We do a little repack of bags in the courtyard with a coffee. Mattea makes the amazing suggestion of a sarong around the hips which helps so much.
On the road again! We stroll for about a kilometer and a half before stopping for an espresso and pasteis. It’s alright, scoring a 7. We’ve added a new rating metric - containment factor - which is a rating of how much mess there is after the bite and pull. A 10 is a perfectly self contained pastry which doesn’t fall on the floor after each bite.
We bid farewell to Luke and Mattea. Only to see them again a kilometer or two later at the toilet. Then say goodbye again, this time for real (maybe). I always find it funny that while fastpacking you end up covering roughly the same amount of distance as a hike, just in a slightly more erratic fashion.
We’re walking down the promenade and there are propaganda type speakers along the lamp poles. A Portuguese cover of “Stand by me” is blaring and everything is perfect in that moment.
Portugal must have the most insane boardwalk budget - although you still need to walk carefully, sticking to where the support beams are; marked by nails. As a plank breaking may be the end of walking for a few weeks.
We buy some chorizo, goats cheese and rolls at a really well stocked supermarket. It closed from 1pm to 2pm for a siesta, I love this country.
We make camp under a board walk on the beach and make the most decadent lunch. Not even the sand falling from overhead when people walked down to the beach could spoil this.
Portuguese people have an incredible beach game. Rivaling most blanket forts these impenetrable structures are complete with wind breakers, sun protection and all the toys kids could want.
We’re 10km in and feeling good (Michael Bubikins) :
I’ve taken a few things from Cait’s bag and mine is heavy, but honestly I’m loving it. I’ve been aware that I haven’t run since MUT and have this crazy fastpack in Mont Blanc coming closer by the day. So I’m writing off this >30kg pack as training, and I can assure you that it feels like each step is a squat. No running required in the next few weeks.
An elderly couple come up to me and excitedly jabber in Portuguese. I jabber back in English. The facial expressions say it all; a mixture of nostalgia from them and astonishment at the size of my bag. While we’re having lunch they walk past with a smile and wave and potter about getting ready for a swim. Cait and I imagine being old and cute together. I’m aware that right now is also a beautiful moment for us, no doubt a source of some envy for the elderly couple; to be young, cute, strong and hiking the Camino together.

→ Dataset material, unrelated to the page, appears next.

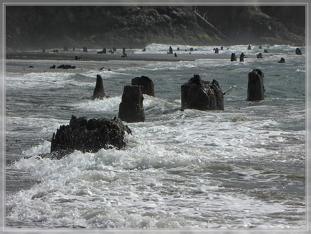 Habe ehrlich gesagt überhaupt keine Ahnung. War die Flut vielleicht höher als der Tsunami dieses Jahr von Japan aus die Küste Oregons erreicht hat und ist deswegen auf dem Bild etwas unter Wasser, was sonst so nicht unter Wasser ist???

We are using a series of pretty amazing Camino apps - Wise Pilgrim probably being the best. They mark the different routes, give you all the spots that you can stop along the way and provide lots of helpful information. On the maps you can see the Coastal and Litoral routes criss-crossing a bit. I think that we chose the path less travelled, as we soon began to walk along long boardwalks near a golf course and some farming land - with not another Pilgrim (or person) in sight.
I think that we both were slightly uncertain as to whether we were on the right track - even though our guide (being the apps) said that we were good - that was until we came across an abandoned house. On the wall a laminated A4 page giving life to the otherwise dead structure.
It was an incredibly moving place. We stamped our passports and took a gift. It’s just so beautiful to be met with such love and kindness on the Camino. Something that was obvious from the moment we set foot on that bus with the Scallop shell attached to our bags.
Portugal was a lovely place to be a tourist in the first two weeks pre-Camino: it was beautiful, exciting, clean and just pretty easy to get around. Lots of things to do, the food is great and there are lovely people here. But pre-Camino the people were quite reserved, rather fed up with tourists in the busy areas. I think that the thing I noticed the most was that it was very rare to get a smile back from a Portugese person that you passed in the street.
Yet on the Camino - blessed by the Scallop shell and welcomed into their holy journey, we have only had the most beautiful interactions. It’s only day two and I can’t believe how differently we are being received. I’m getting fully faced beaming smiles, smiles that come out of nowhere from a stern faced middle aged man in a suit. Old woman are looking at me like I’m their long lost grandson and people return my gaze with a twinkle in the eye. Kindness and love radiates throughout the Camino. It’s the most beautiful side of Christianity that I have seen.
With the end in sight we each put earphones in and start a Spotify jam - not something that I’ve done before, in a nutshell we both listen to the same song at the same time. We’re talking late afternoon sun, Lana Del Rey, Billie Eilish and Jose Gonzalez. A little dance here and there and some serious pace for the last few kilometers.
We arrive at the campsite and are greeted at reception - exhausted. The man is thrilled that Cait speaks portugese and begins to quickly explain and show us around. We pitch our tent, have a shower (an amazing one), do some washing and make dinner. “Weird cat” comes to join us from time to time, especially present around dinner time.
Feeling tired, stiff and happy. Yoga with Adriene is the best thing that I could imagine. Time for bed.